AE = adverse event. DTx = digital therapeutic. SAE = serious adverse event.
The PP sensitivity analysis included 259 patients in the DTx group and 346 in the control group (n = 605/835; 72.5% of the FAS). As expected, there was a greater reduction in the mean (SD) number of migraine days per 4 weeks (1.9 [3.4]) for the DTx group in the PP analysis than in the FAS (between-group difference: −0.85 [95% CI −1.34 to −0.37], p = 0.0006). In the ITT analysis (340 in the DTx group, 392 in the control group), the DTx group experienced a mean (SD) decrease of 1.8 (3.4) days in the number of migraine days per 4 weeks (between-group difference: −0.64 days [95% CI −1.09 to −0.2], p = 0.0048).
Discussion
The use of the sinCephalea, a non-pharmacological DTx which provides personalised nutritional and lifestyle recommendations via short-term use of CGM, on top of standard treatment, resulted in a significant reduction in the mean number of MMD per 4 weeks and associated disease-specific quality-of-life impairment (measured by HIT-6 and MIDAS), compared with use of a control app, all without DTx-related AEs. Furthermore, a large proportion of patients using the DTx improved their overall health status (assessed by PGIC) and reduced their migraine-related disease impairment (measured by MIDAS) by at least one grade. This study applied the same scientific rigor as is used for pharmacological interventions, 17 supporting the potential clinical utility of a DTx for migraine prevention as add-on therapy with standard treatment.
The DTx was assessed in patients with episodic migraine with severe disease impairment, indicated by high baseline HIT-6 and MIDAS scores (64.8 and 47.2, respectively). Furthermore, just under a quarter of patients were on migraine prevention pharmacological medications. This means that many patients had severe and persistent migraine despite receiving a high standard of care. It was therefore encouraging to see a large effect size with a non-pharmacological intervention, with or without concomitant pharmacological treatment. Currently, not universally accepted minimal clinically important difference (MCID) has been defined for the absolute reduction in monthly migraine days. Therefore, clinical relevance is usually assessed by responder rates, i.e., the proportion of patients achieving a ≥ 30% or ≥50% reduction in monthly migraine days. In the current study, 55% of patients achieved a clinically meaningful (≥30%) reduction in MMD, with 38% achieving a ≥ 50% reduction in MMD, alongside reductions in disease impairment; this compares favourably with pharmacological interventions, such as calcitonin gene-related peptide (CGRP) antibodies, where approximately 30–62% of patients achieve a ≥ 50% reduction in MMD after 3–6 months. 18 Furthermore, clinically relevant improvements in migraine-related impairment were even seen in 44% of patients with the most severe disease (MIDAS grade IV-B), and 77% of patients reported that their overall health status had improved (per PGIC).
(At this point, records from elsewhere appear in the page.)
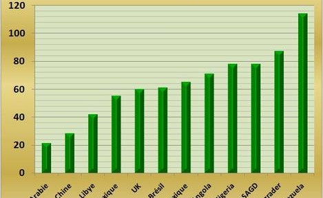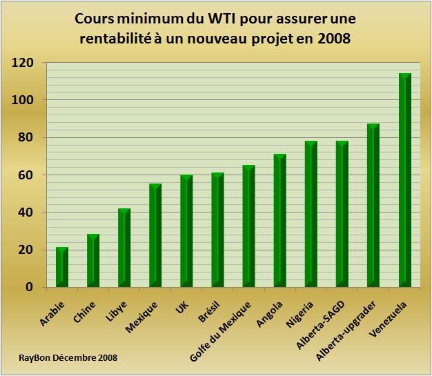 – l’arrêt des investissements ou parfois même des exploitations dans les zones les plus chères et par les pétrolières indépendantes ou les Etats les plus fragiles. La pénurie en capitaux et la baisse des prix du pétrole ont déjà provoqué l’arrêt de nombreux projets. Un classement réalisé par le CERA des cours minimum permettant de financer un nouveau projet dans diverses zones est intéressant à analyser (FIG.). Il tient compte des conditions actuelles de coût de sous-traitances et des taxes ou impôts prélevés par chacun des pays possédant les gisements. Les huiles lourdes du Bassin de l’Orénoque plombées par les taxes de Chavez et la complexité des procédés sont disqualifiées pour longtemps. Il n’est même pas sûr que l’exploitation dégage des marges brutes en ce moment. Les sables bitumineux de l’Alberta attendront une baisse des impôts, une baisse des prix de sous-traitance et des cours vers les 80 dollars. La aussi l’équation de l’Administration de l’Alberta est d’éviter l’arrêt des productions en cours. Les gisements offshore de la Mer du Nord, du Brésil, du Golfe du Mexique, de l’Angola qui concernent de nombreux nouveaux projets ne sont jouables qu’avec un brut à 60 où 70 dollars le baril. Avec les cours actuels seuls les nouveaux projets chinois, saoudiens ou libyens sont abordables. Or on sait que les Saoudiens ont arrêté tous leurs nouveaux projets dans le cadre des restrictions de quotas de production de l’OPEP. Le CERA estime que jusqu’à 40% des projets pourraient être menacés de report ou d’annulation pour des raisons de cash.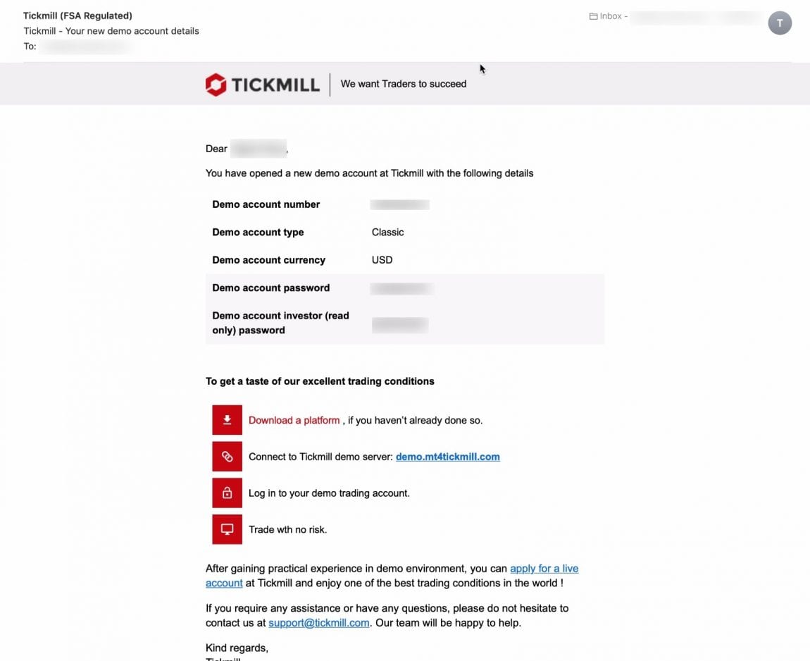 A continuación recibirás un email de confirmación con la información que necesitarás para descargar la plataforma de Metatrader 4, conectarla con el servidor Tickmill demo e ingresar en tu nueva y flamante cuenta demo.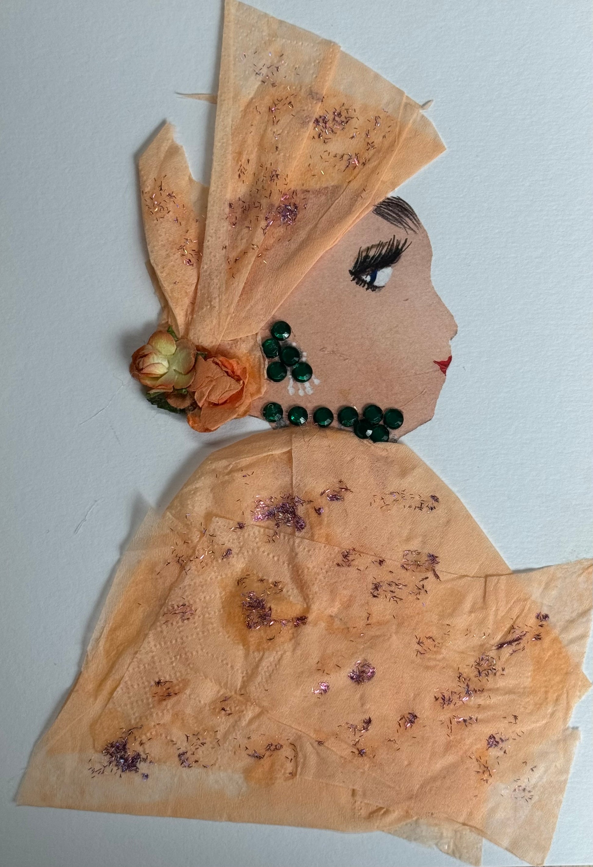 I made this card of Winnie glows in layered peach tones, her outfit crafted from delicate fabric sprinkled with soft pink glitter. Her structured headwrap is topped with tiny orange roses, and bold emerald-green gems as a necklace and earrings.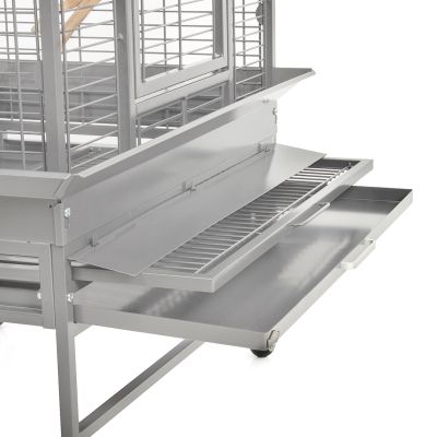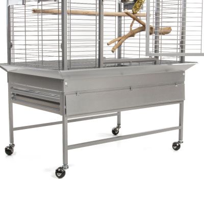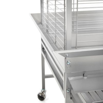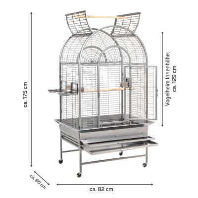 La New Jersey colpisce per l’elegante sportello e il tetto apribile. La fornitura comprende ciotole in acciaio inox, un posatoio, un grembiule di raccolta e robuste rotelle.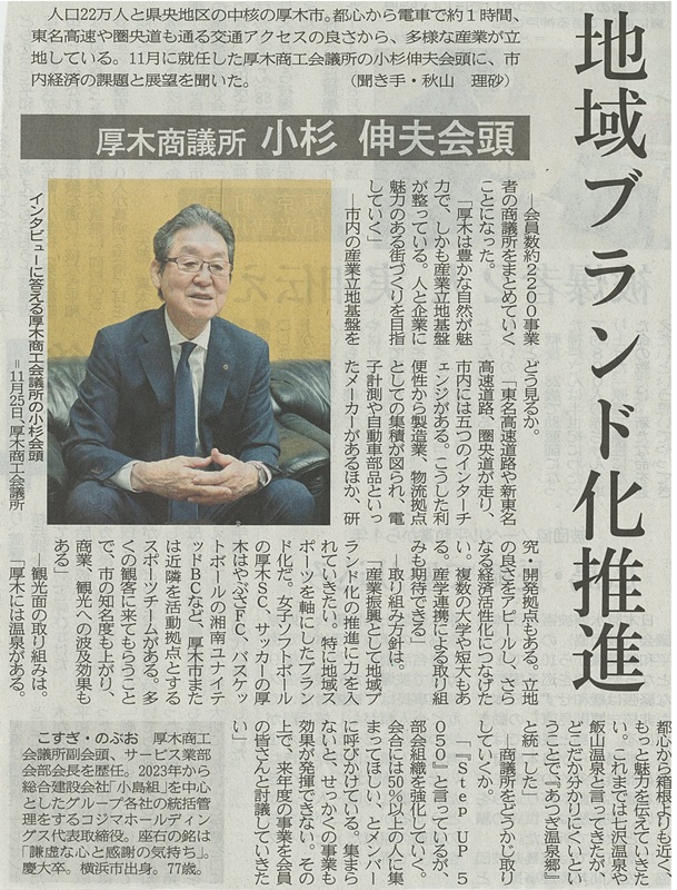 コジマホールディングス代表小杉伸夫(厚木商工会議所会頭)のインタビュー記事が掲載されましたのでお知らせいたします。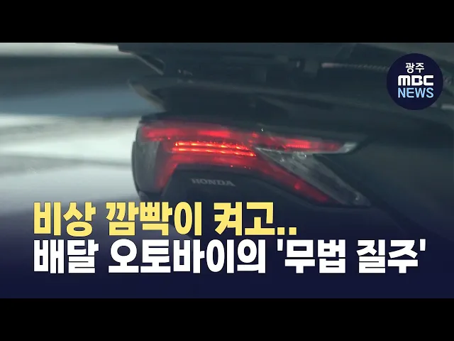 (앵커)요즘 부쩍 비상등을 켠 채 도로를 주행하는 배달 오토바이 많이 보셨을텐데요.어디로 갈지, 주행 방향을 예측할 수 없어 교통사고 위험이 큽니다.법적으로도 명백한 불법입니다.춘천문화방송 김준겸 기자가 현장 취재했습니다. (기자)음식점이 즐비한 춘천의 한 식당가.점심 시간이 가까워 오자 배달 오토바이가 비상...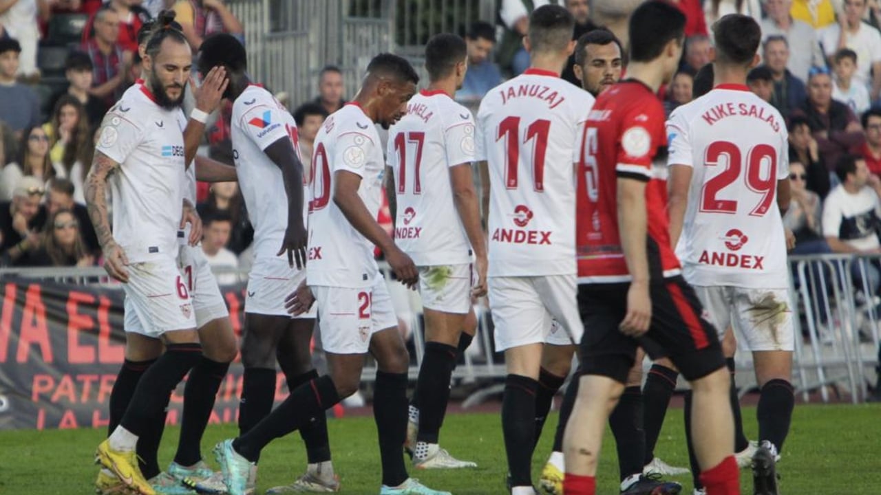 La plantilla del Sevilla, en partido de Copa del Rey.UES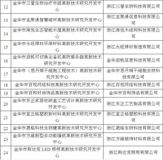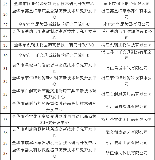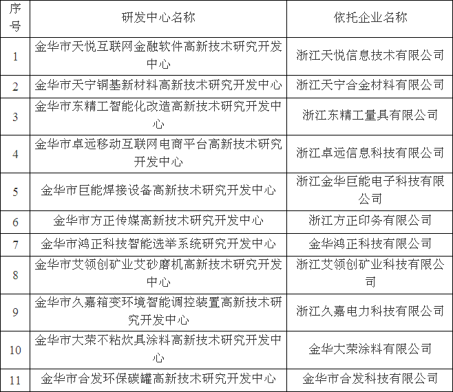 附件:金華市級(jí)高新技術(shù)研究開發(fā)中心名單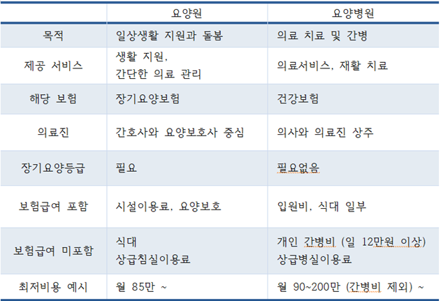 요양원과 요양병원을 혼동하는 경우가 생각보다 많습니다. 그렇지만 직접 방문하고 제공되는 서비스를 살펴보면 차이가 큰 것을 알 수 있습니다. 간단히 말하면 요양원은 보살핌이 목적인 주거시설이고 요양병원은 치료시설입니다.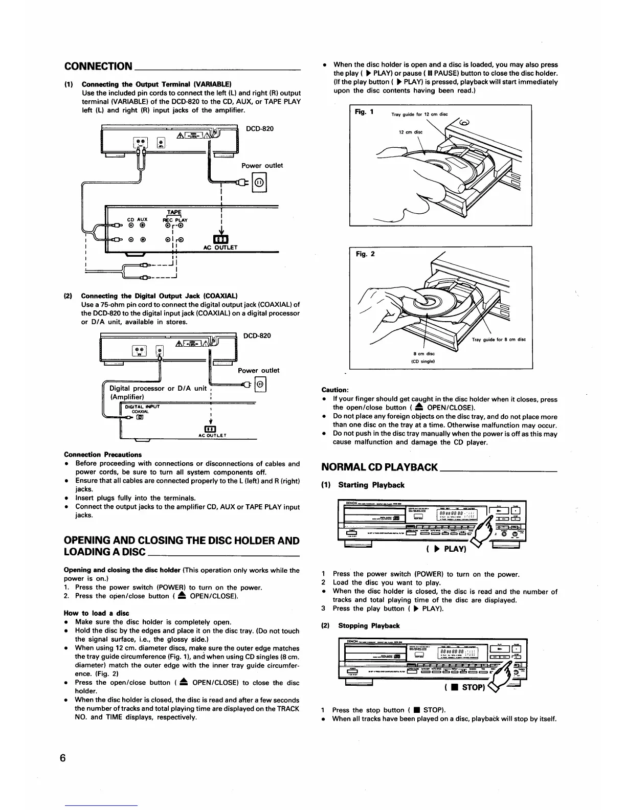 Denon DCD-820 - Connection; Opening and Closing the Disc Holder and Loading a Disc; Connecting the Output Terminal; Connecting the Digital Output Jack

Consequently, DTx may be particularly beneficial for those with severe and persistent migraine or for those intolerant to other pharmacological treatments.
The observed between-group difference of −0.53 migraine days per 4 weeks is a modest absolute reduction in isolation; however, it should be interpreted in the context of the relatively low baseline migraine frequency in this population (mean 6.7 days per 4 weeks), in which a reduction of this magnitude represents a meaningful proportional decrease. Moreover, this estimate increased to −0.65 days in the adherent subgroup and −0.65 days in the per-protocol population, suggesting that the full clinical benefit is best captured in patients who engage with the intervention as intended. The within-group reduction in the DTx arm was substantially larger (1.7 days per 4 weeks), reflecting a combination of the true intervention effect and non-specific effects inherent to the open-label design which cannot be formally separated in the absence of blinding. It should be noted, however, that blinding is inherently not feasible in DTx trials as participants cannot be masked to a personalised digital intervention in the same way as to a pharmacological treatment. Furthermore, in behavioural and digital interventions, expectation effects are not merely a source of bias but may themselves constitute part of the therapeutic mechanism. Applying conventional MCID thresholds derived from pharmacological trials rigidly to the between-group difference in a multicomponent DTx study may therefore systematically underestimate its true clinical relevance.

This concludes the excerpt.